In the patient-level analysis, risk for nonculprit MACE increased 18% for every increase of 100 in LBCI, and the primary endpoint was met (HR = 1.18; 95% CI, 1.05-1.32). In addition, Waksman said, patients with LBCI of at least 400 had an 87% greater risk for nonculprit MACE than patients with LBCI less than 400 (HR = 1.87; 95% CI, 1.25-2.8), with 12.6% of patients with LBCI more than 400 having nonculprit MACE vs. 6.3% in patients who did not.

In Ware segments, risk for nonculprit MACE rose by 45% for every increase of 100 in LBCI (HR = 1.45; 95% CI, 1.28-1.64), and segments with LBCI of 400 or more were at 411% greater risk for nonculprit MACE than segments with LBCI of less than 400 (HR = 4.11; 95% CI, 2.3-7.34), Waksman said.

Cumulative nonculprit MACE incidence in plaques was 3.7% in segments with LCBI of 400 or more and 0.8% in segments of less than 400, according to the researchers.
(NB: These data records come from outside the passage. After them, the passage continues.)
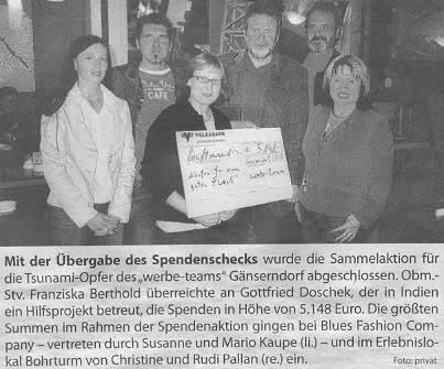 Donnerstag 19.05.2005 / 21:00 - Alexander Stöger Nichts neues im Osten! So lauten zur Zeit die Meldungen. Dafür laufen die Spendenaktionen auf hochtouren, und in Gänserndorf konnte das "werbe-team" (Zusammenschluß der Geschäftsleute in Gänserndorf) eine großartige Spendensumme einfahren. Siehe Artikel des NÖ-Anzeigers:
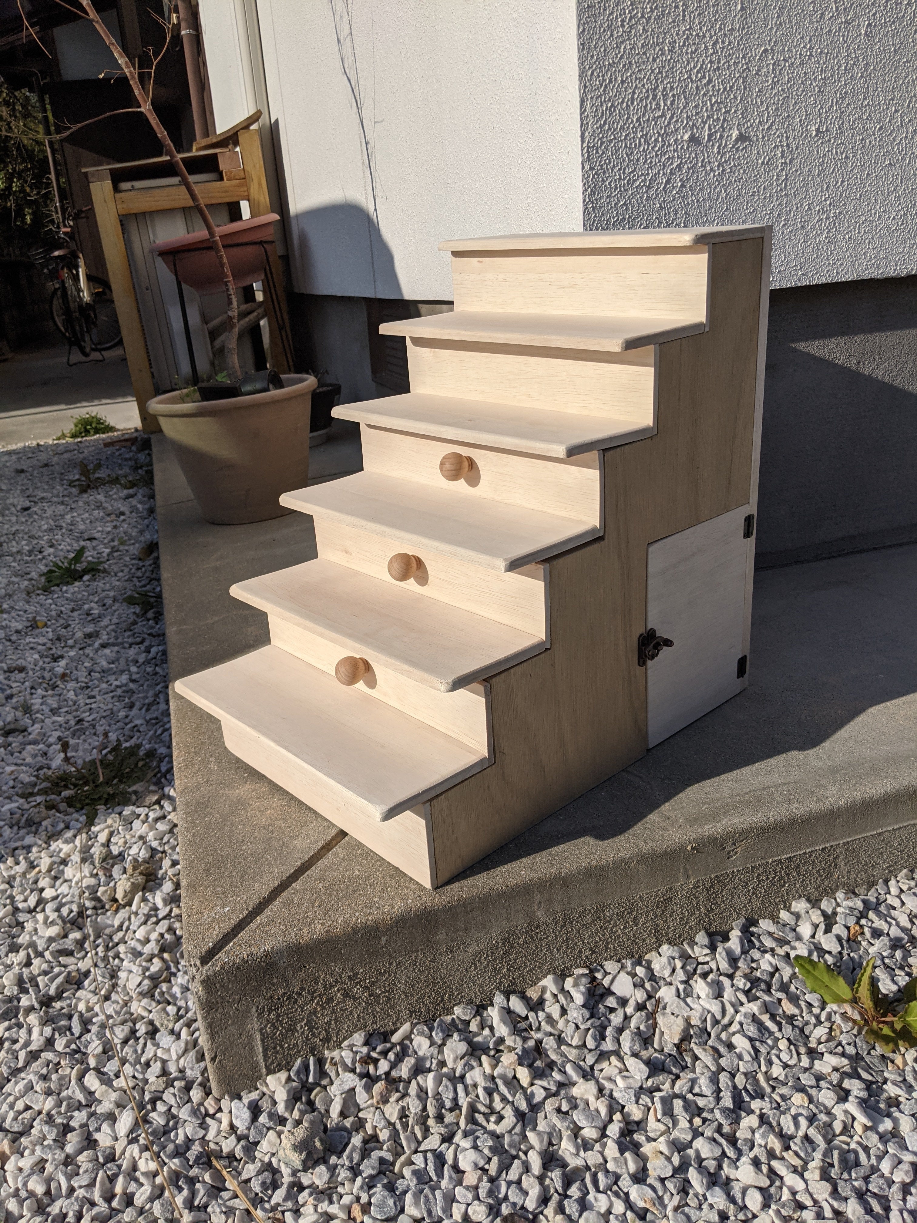 生後2ヶ月前後の仔猫達か先輩猫ちゃん達の真似をしているのを幾度となく見たのが作るきっかけで、最初はごく普通の階段でしたが、引出しタイプにすれば、付加価値が付きおやつ等を入れれ便利だなと思い、今の形になりました。
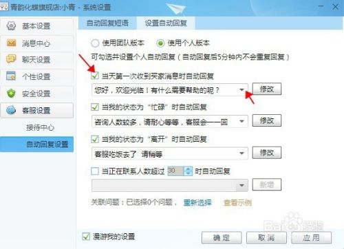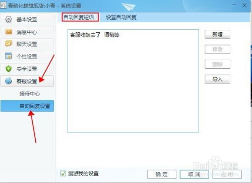 在系统设置窗口选择最下面的客服设置,选择自动回复设置,再点击一下自动回复短语,点击新增,输入您想设置的自动回复内容
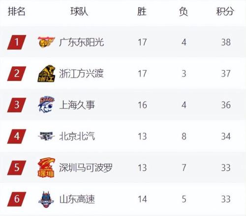 CBA积分榜最新排名出炉!广东爆冷输球排第3:北京第7辽宁第12
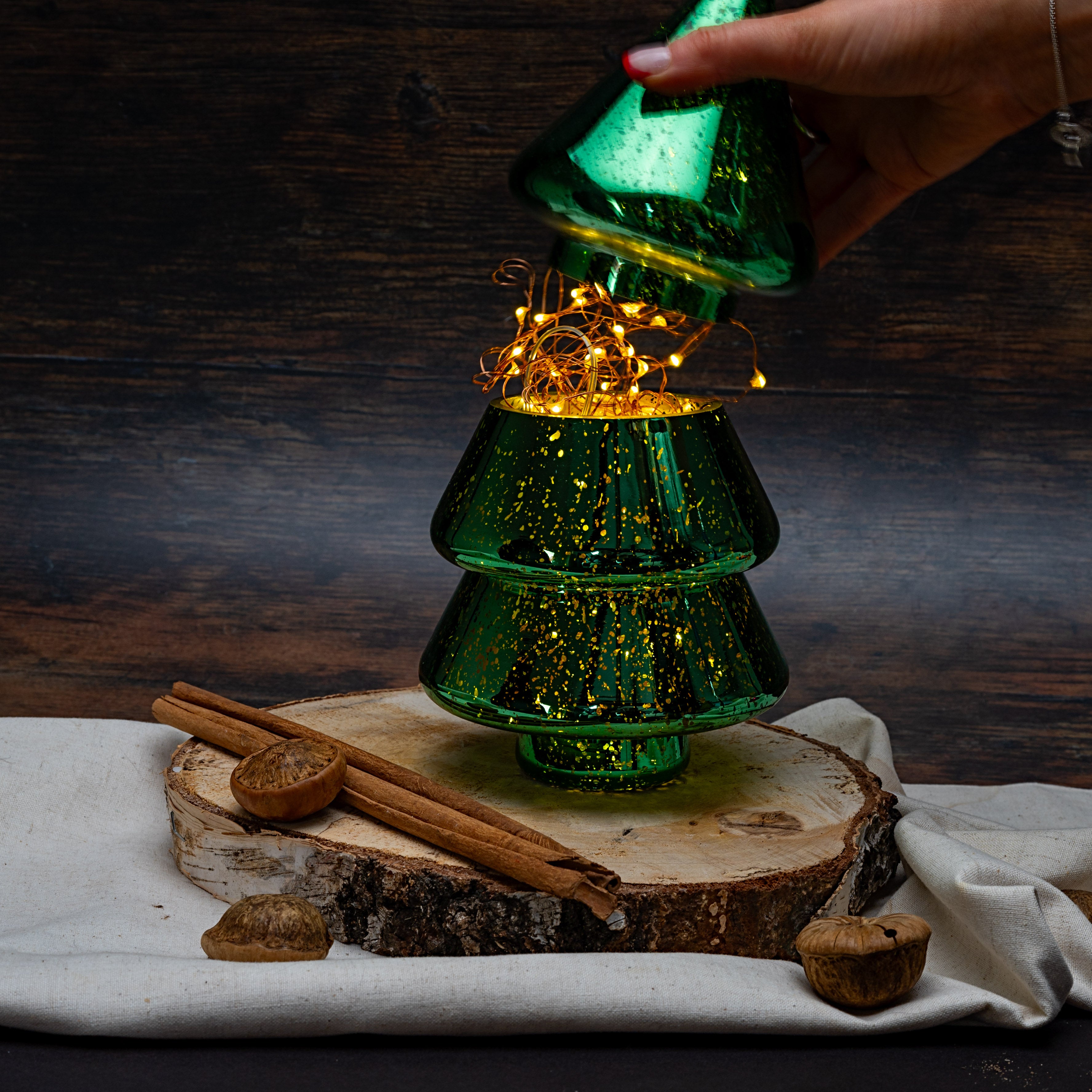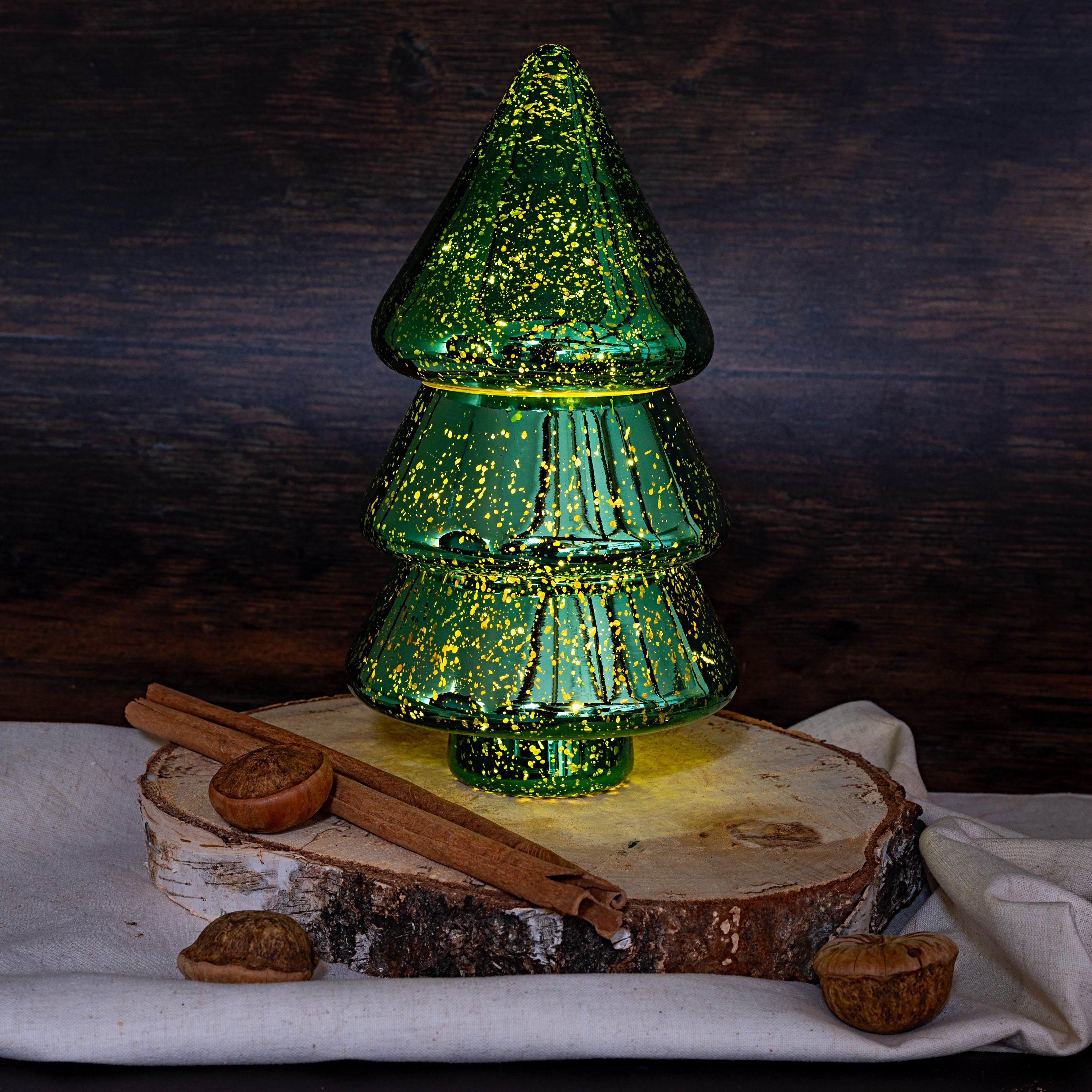 Glasshouse Wholesale Interiors & Trade – Glass Christmas Tree Decor in Dark Metallic Green

“Events continue to occur despite medical therapy,” Waksman told Cardiology Today’s Intervention. “A NIRS chemogram can detect vulnerable plaque and vulnerable patients, and probably should be considered to be utilized more routinely to be able to discriminate patients at risk. We should try to tailor therapy guided by this technology, and see if there are any therapies that can reduce the LCBI. We also need to determine whether if we reduce LCBI, it will be associated with fewer events.” – by Erik Swain

Reference:

Waksman R, et al. Late-Breaking Trials 4. Presented at: TCT Scientific Symposium; Sept. 21-25, 2018; San Diego.

Disclosure: The study was funded by Infraredx, a Nipro company. Waksman reports he has financial ties unrelated to the present study with Abbott Vascular, Amgen, AstraZeneca, Biosensors, Biotronik, Boston Scientific, Cardioset, Chiesi, DOMed, Medtronic, Philips/Volcano and Pi-Cardia Ltd.